Du coin de l’oeil, elle cherche le manque, la faute, l’étincelle qui va allumer la colère de son dieu et transformer la soirée en enfer… Rien, elle ne trouve rien… Désespérément son regard coule sur toutes les surfaces de cette cuisine qu’ils ont choisie ensemble il y a de longs mois, qu’elle avait trouvée belle puisqu’elle plaisait à son fiancé. Sans même réfléchir, elle s’était rangée à ses arguments raisonnables. Elle buvait ses paroles, admirait son intelligence. Cette cuisine n’était pas chère, on pouvait se permettre quelques armoires en plus ; le blanc va avec tout et sera toujours à la mode, même dans vingt ans. Et au milieu de ces armoires, elle avait imaginé une éternité de bonheur lumineux. Maintenant, elle est l’esclave servile et acharnée de toutes ces portes blanches laquées. Chaque jour, la jeune femme essaie de les apprivoiser ; chaque jour, elles se rebellent, elles s’ingénient à attirer les taches, résistent traîtreusement à ses coups de torchons en se couvrant de traces dès qu’elle a le dos tourné. Elle n’a jamais réussi à domestiquer cette cuisine laquée, un échec de plus à porter à son compte.

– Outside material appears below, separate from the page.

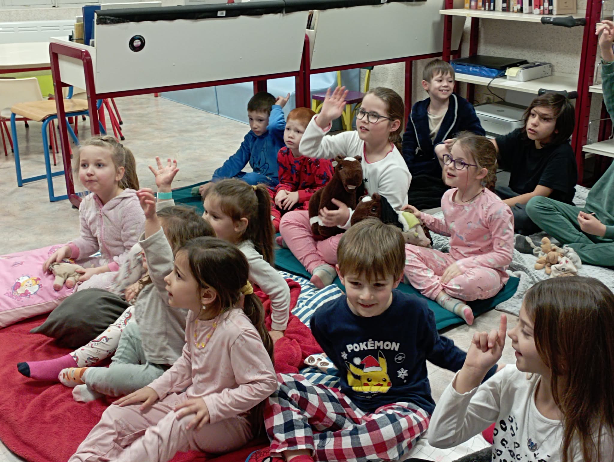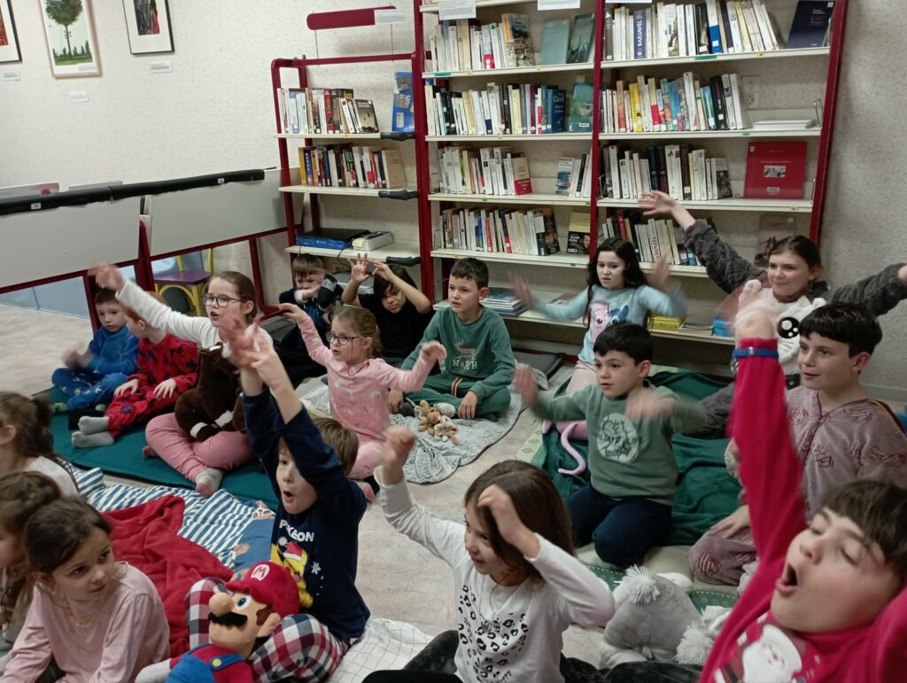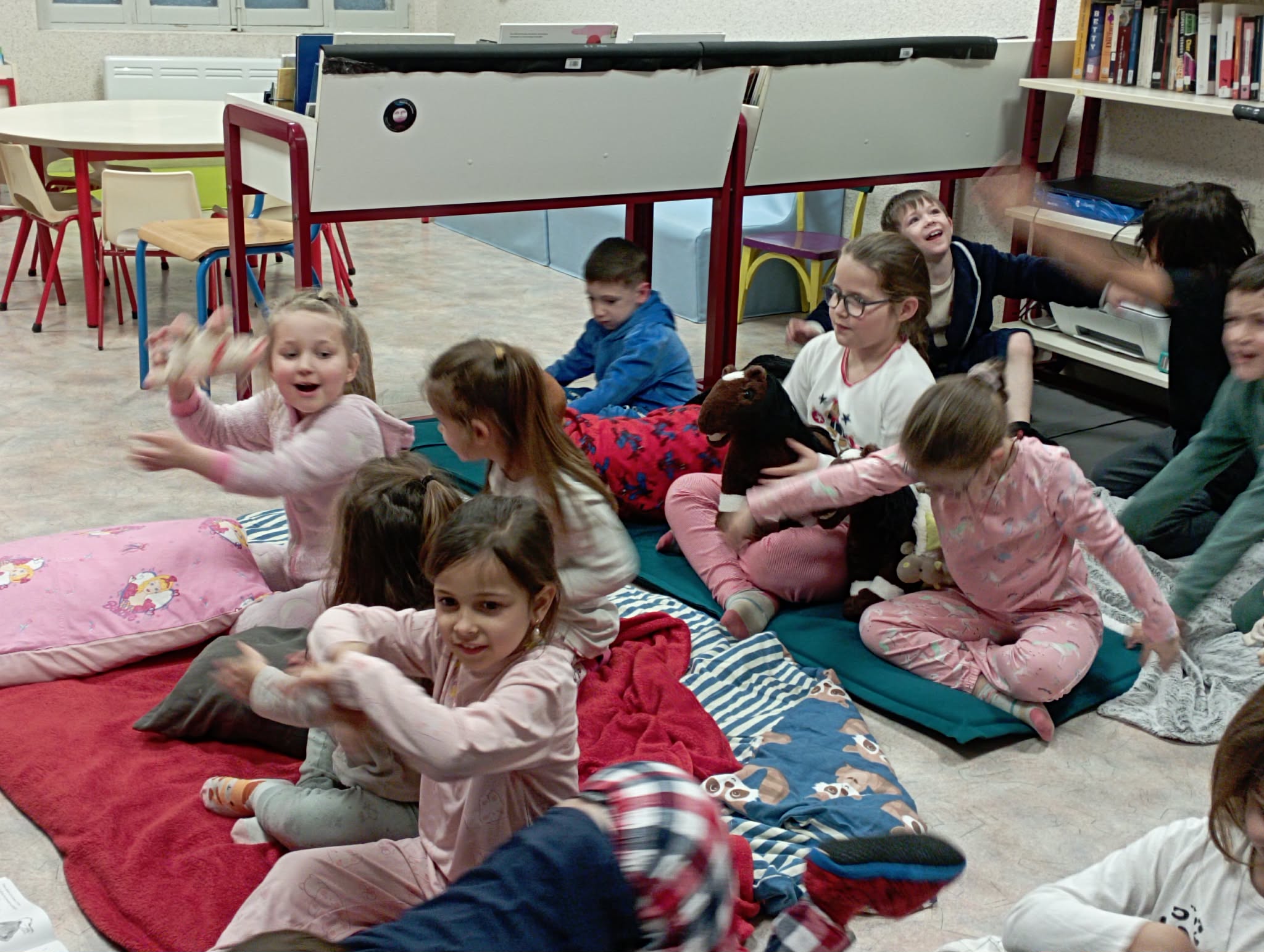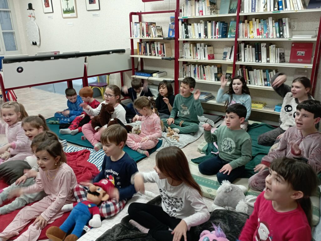 Quelle Aventure !! La soirée pyjama à la bibliothèque des Aires. Ambiance survoltée. Doudous volants et polochons endiablés; histoires gestuelles et drôles….

Ses regards furtifs ne trouvent rien ; tout est rangé, immaculé ; la table est mise, le repas prêt.

Pourtant, il y a sûrement quelque chose… Elle a oublié un détail quelque part dans cette immensité lumineuse qui la glace. Sur ses épaules, elle sent peser le regard noir et lourd de son mari qui attend patiemment, qui lui laisse une chance de s’amender. Déjà, elle sait qu’elle échouera, comme d’habitude, et qu’il devra pointer, du geste et de la voix, son péché évident. Mais elle s’acharne ; elle retourne son cerveau paniqué dans tous les sens. Nerveusement, elle égoutte les pommes de terre, manque de lâcher la casserole qu’elle récupère de justesse et se brûle le poignet à la vapeur.

Enfin, il s’avance dans la pièce, s’attable. Elle essaie de se rassurer : il lui donne une chance de récupérer la situation. Tout n’est pas perdu, il faut simplement qu’elle soit parfaite pour effacer la petite tache qu’il a relevée.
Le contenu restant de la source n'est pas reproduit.